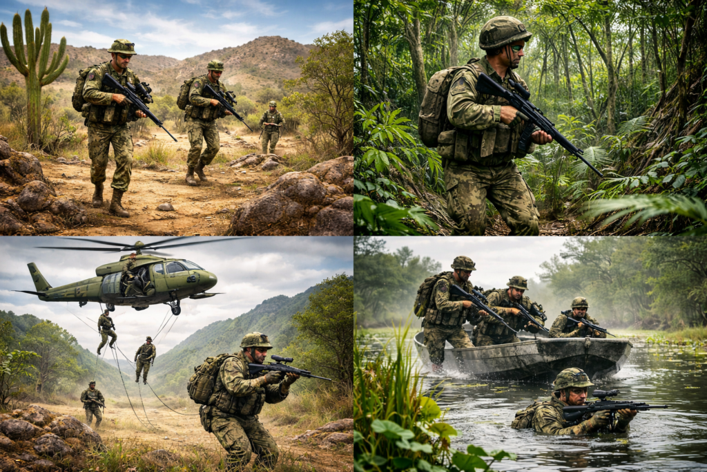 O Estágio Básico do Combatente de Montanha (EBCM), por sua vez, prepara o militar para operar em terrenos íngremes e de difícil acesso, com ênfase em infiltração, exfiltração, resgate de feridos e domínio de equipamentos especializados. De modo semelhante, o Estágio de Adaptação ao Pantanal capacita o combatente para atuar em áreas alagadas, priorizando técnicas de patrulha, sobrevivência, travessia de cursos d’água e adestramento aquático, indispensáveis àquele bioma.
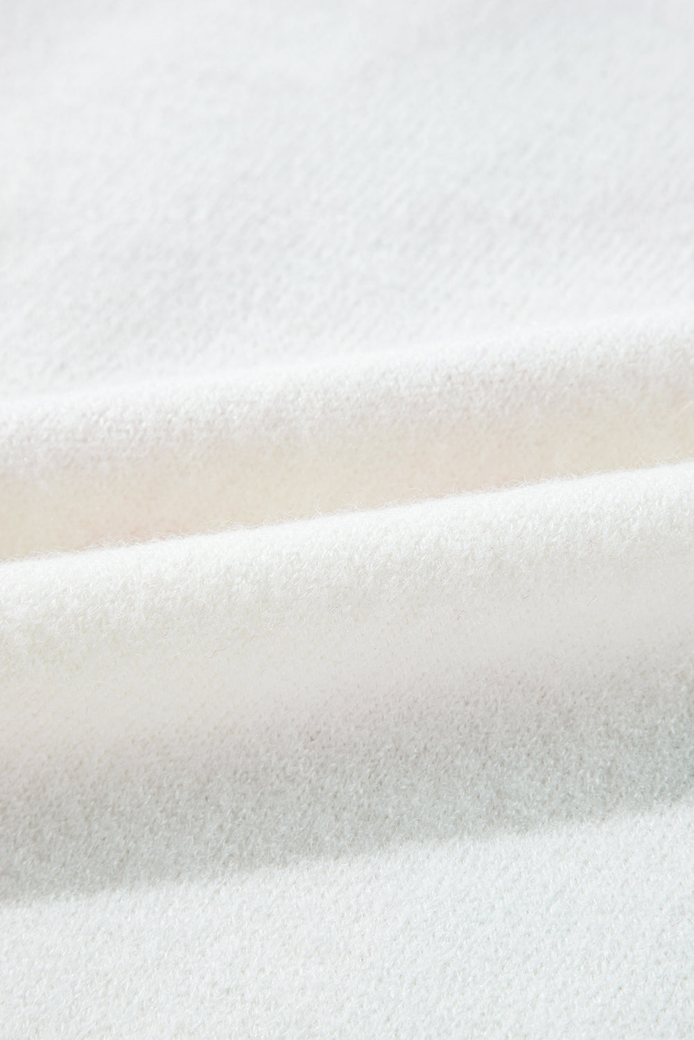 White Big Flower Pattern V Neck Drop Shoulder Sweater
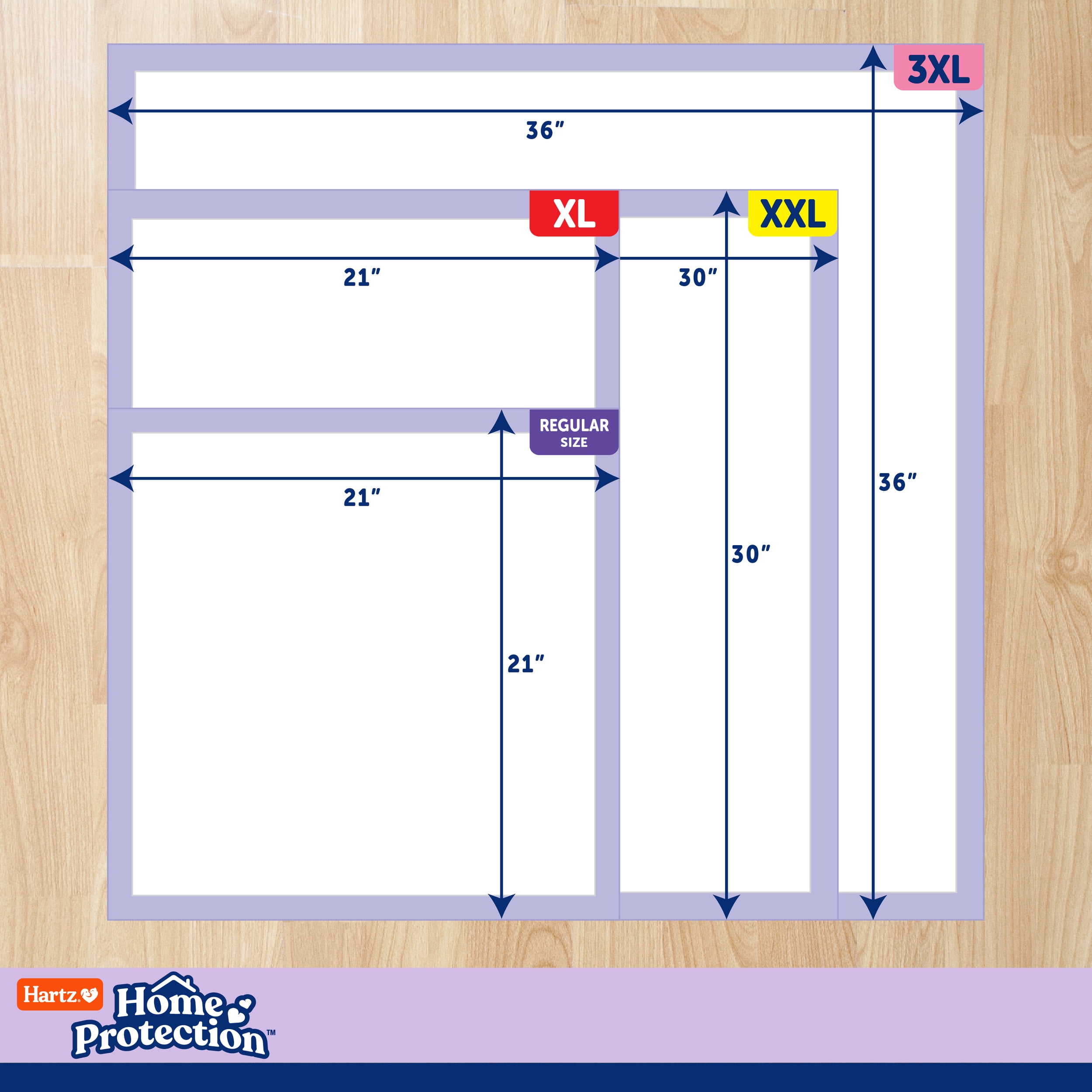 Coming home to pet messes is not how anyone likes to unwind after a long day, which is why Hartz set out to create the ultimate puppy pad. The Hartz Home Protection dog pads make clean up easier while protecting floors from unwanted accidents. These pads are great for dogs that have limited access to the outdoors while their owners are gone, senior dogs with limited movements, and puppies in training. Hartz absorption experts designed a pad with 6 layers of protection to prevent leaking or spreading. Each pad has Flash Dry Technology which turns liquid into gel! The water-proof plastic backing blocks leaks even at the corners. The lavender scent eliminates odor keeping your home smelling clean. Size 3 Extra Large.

○ ○ ○ ○ ○

Task details: Repeat each line of the material exactly, and drop any image it carries.

Response:
 O Estágio Básico do Combatente de Montanha (EBCM), por sua vez, prepara o militar para operar em terrenos íngremes e de difícil acesso, com ênfase em infiltração, exfiltração, resgate de feridos e domínio de equipamentos especializados. De modo semelhante, o Estágio de Adaptação ao Pantanal capacita o combatente para atuar em áreas alagadas, priorizando técnicas de patrulha, sobrevivência, travessia de cursos d’água e adestramento aquático, indispensáveis àquele bioma.
 White Big Flower Pattern V Neck Drop Shoulder Sweater
 Coming home to pet messes is not how anyone likes to unwind after a long day, which is why Hartz set out to create the ultimate puppy pad. The Hartz Home Protection dog pads make clean up easier while protecting floors from unwanted accidents. These pads are great for dogs that have limited access to the outdoors while their owners are gone, senior dogs with limited movements, and puppies in training. Hartz absorption experts designed a pad with 6 layers of protection to prevent leaking or spreading. Each pad has Flash Dry Technology which turns liquid into gel! The water-proof plastic backing blocks leaks even at the corners. The lavender scent eliminates odor keeping your home smelling clean. Size 3 Extra Large.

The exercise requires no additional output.